Jon Ronson on his former rivalry with fellow documentary-maker Louis Theroux

The broadcaster explores stories about people on the fringes of society.

Documentary-maker Jon Ronson has revealed that he used to reference his former rivalry with Louis Theroux in his work as he did not want to sound like he was “beyond reproach”.

The 55-year-old writer and broadcaster has produced podcasts, programmes and books which tell stories about people on the fringes of society, similar to Theroux’s work.

Speaking on Radio 4’s Desert Island Discs, he confirmed he is now friends with Theroux, but at times he stills like to let people know that he feels he was exploring these topics before his fellow filmmaker.

Louis Theroux comments
Louis Theroux (Matt Crossick/PA)

He said: “I’ve never wanted to be high up in some kind of hierarchy. I’ve never wanted to be the representative of righteous society, going into the world of the crazy people and being the right person.

“Like I’m right, they’re wrong. I’ve never wanted to be that. Hence, the fact that I’ve quite often put in my own absurdities into stories.

“In the 1990s, me and Louis though had a bit of a rivalry.

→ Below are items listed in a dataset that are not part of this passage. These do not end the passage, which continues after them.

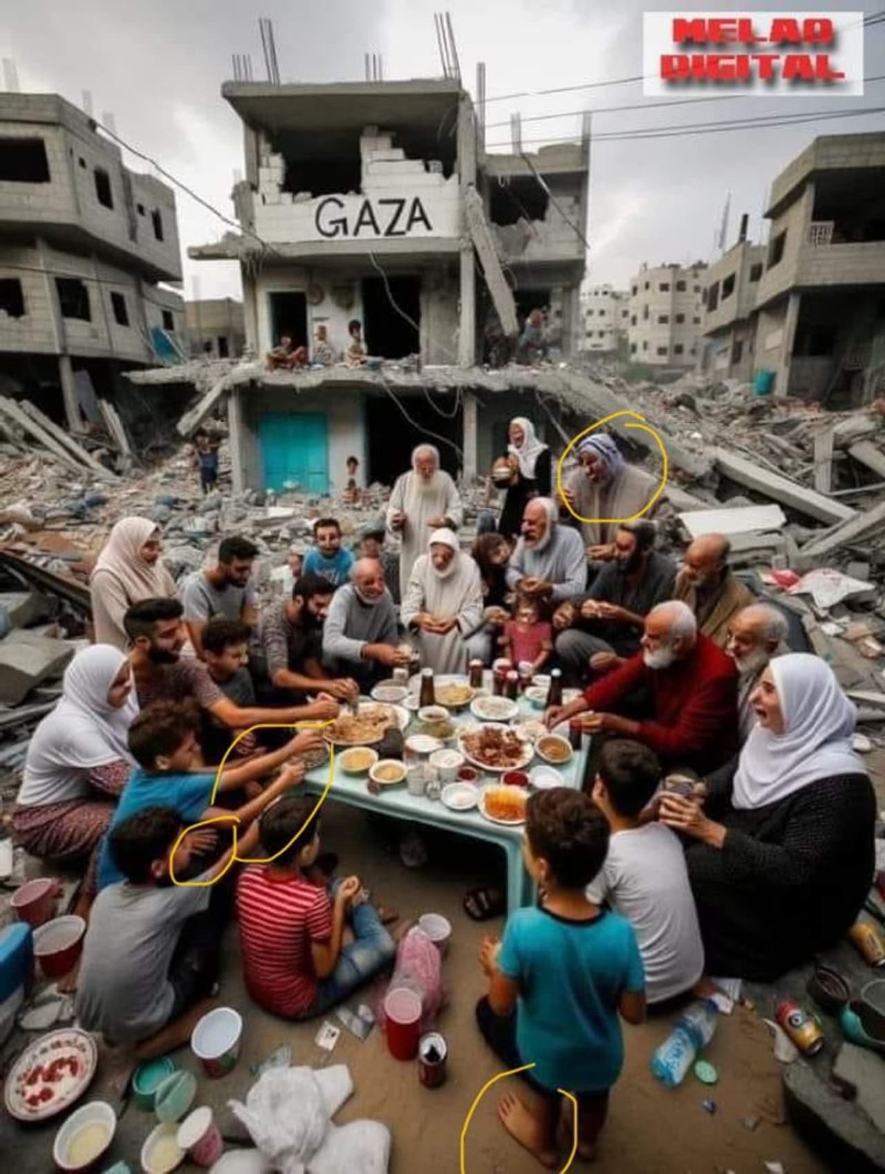 ഇസ്രയേല്-ഹമാസ് ഏറ്റുമുട്ടല് ഗാസയെ രക്തരൂക്ഷിതമാക്കിയിരിക്കുമ്പോള് നിരവധി വീഡിയോകളും ചിത്രങ്ങളുമാണ് സാമൂഹ്യമാധ്യമങ്ങളില് പ്രചരിക്കുന്നത്. ഇക്കൂട്ടത്തിലൊരു ചിത്രമാണ് തകര്ന്ന കെട്ടിടങ്ങള്ക്ക് മധ്യേ ഒരു തീന്മേശയ്ക്ക് ചുറ്റുമിരുന്ന് നിരവധിയാളുകള് ഭക്ഷണം കഴിക്കുന്നതിന്റെത്. ഗാസയില് നിന്നുള്ള ചിത്രം എന്ന കുറിപ്പോടെയാണ് ഈ ഫോട്ടോ സാമൂഹ്യമാധ്യമമായ എക്സില് (പഴയ ട്വിറ്റര്) പ്രചരിക്കുന്നത്. എന്നാല് ഈ ചിത്രം യാഥാര്ഥ്യമല്ല എന്നതാണ് വസ്തുത.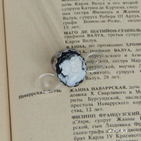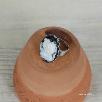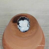Кольцо с вставкой-камеей из полимерной глины (два женских профиля), фон - черный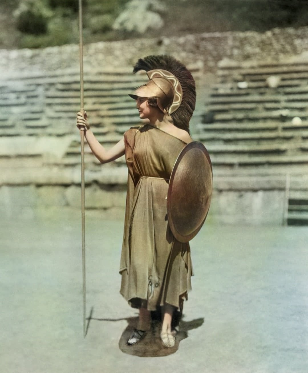 Greek model Aliki Diplarakou, who previously won the title of Miss Hellas and Miss Europe 1930, as Athena Promachos at the Second Delphic Festival in Delphi, 1930. [1080×1307]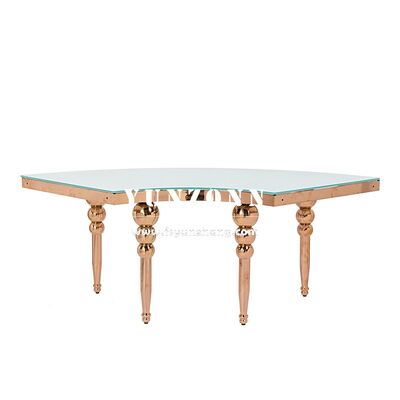 | 製品名: | ホテル、レストラン、結婚式、屋外での使用に適したゴールド&ホワイトサーペンタインダイニングテーブル(ホワイトガラス天板付き) |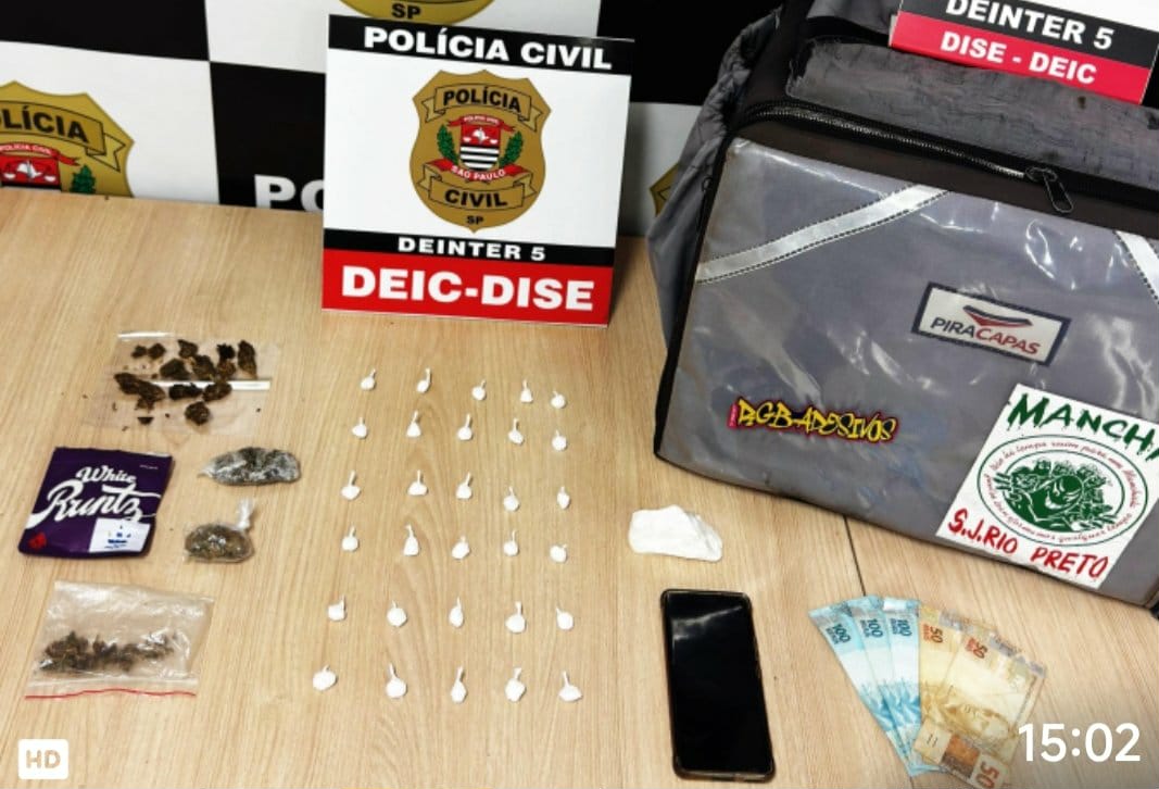 Policiais civis da Divisão Especializada de Investigações Criminais (DEIC) do Deinter 5, por meio da Delegacia de Investigações Sobre Entorpecentes (DISE), prenderam em flagrante na tarde desta sexta-feira (28 de novembro de 2025) um homem de 37 anos por atuar no tráfico de drogas na modalidade “delivery”.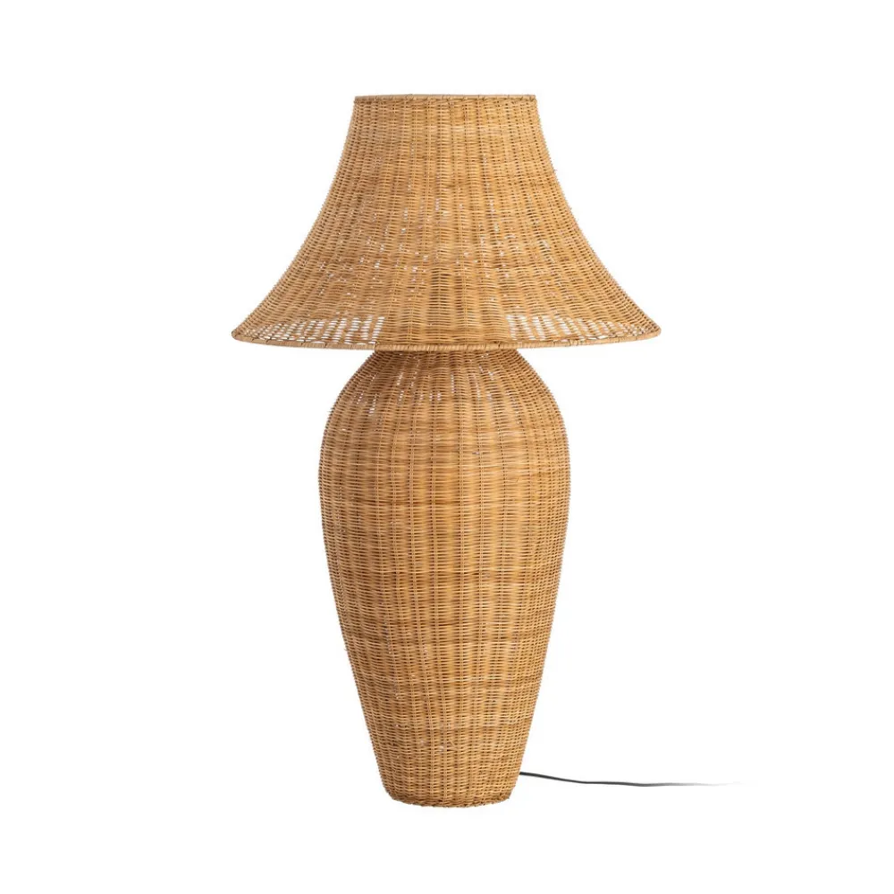 Material: ratán – metal Medida tulipa: 60x35cm. Medida base: 36x74cm. Peso lámpara: 2.8kgr. Casquillo: E27 Bombilla no incluida. Largo cable: 180-200cm.

And even though it was kind of embarrassing that we had this rivalry I would talk about it because it was so absurd.

“I used to have this joke on stage that me and Louis were like conjoined twins and for one of us to grow stronger, the other one had to die.

“But I would deliberately put those things in for that reason, like I didn’t want to be the sensible one who’s beyond reproach.”

Ronson has produced a number of works which investigate controversial figures and groups including his books Them: Adventures With Extremists and So You’ve Been Publicly Shamed.

Theroux has also had a 25-year career exploring topics from the world of neo-Nazi cults to the Church of Scientology.

Broadcasting Press Guild Awards – London
Jon Ronson (Jonathan Brady/PA)

Broadcaster Ronson said that he now thinks the world of Theroux following the years of rivalry.

He said: “I luckily matured my way out of that destructive thought spiral.

“And it’s so nice to sit and watch one of Louis’ documentaries and not feel anything other than just joy watching it.”

However, he admitted that at times he has reminded people that he believes he was exploring these topics before Theroux, including one time to a British Embassy member.

He recalled having to call the embassy once when he was being followed by the Bilderberg Group and when they did not understand what he meant by calling himself a humanist journalist, he had to say “I’m a bit like Louis Theroux”.

Ronson noted that when that provided the embassy with clarity, he told them: “But actually, I was doing it first.”

He joked: “I thought this could be the last conversation I have, I could die, I was going to use my last breaths on earth (for this)”.

– The full interview with Jon Ronson on Desert Island Discs will air on BBC Radio 4 and BBC Sounds on Sunday at 11am.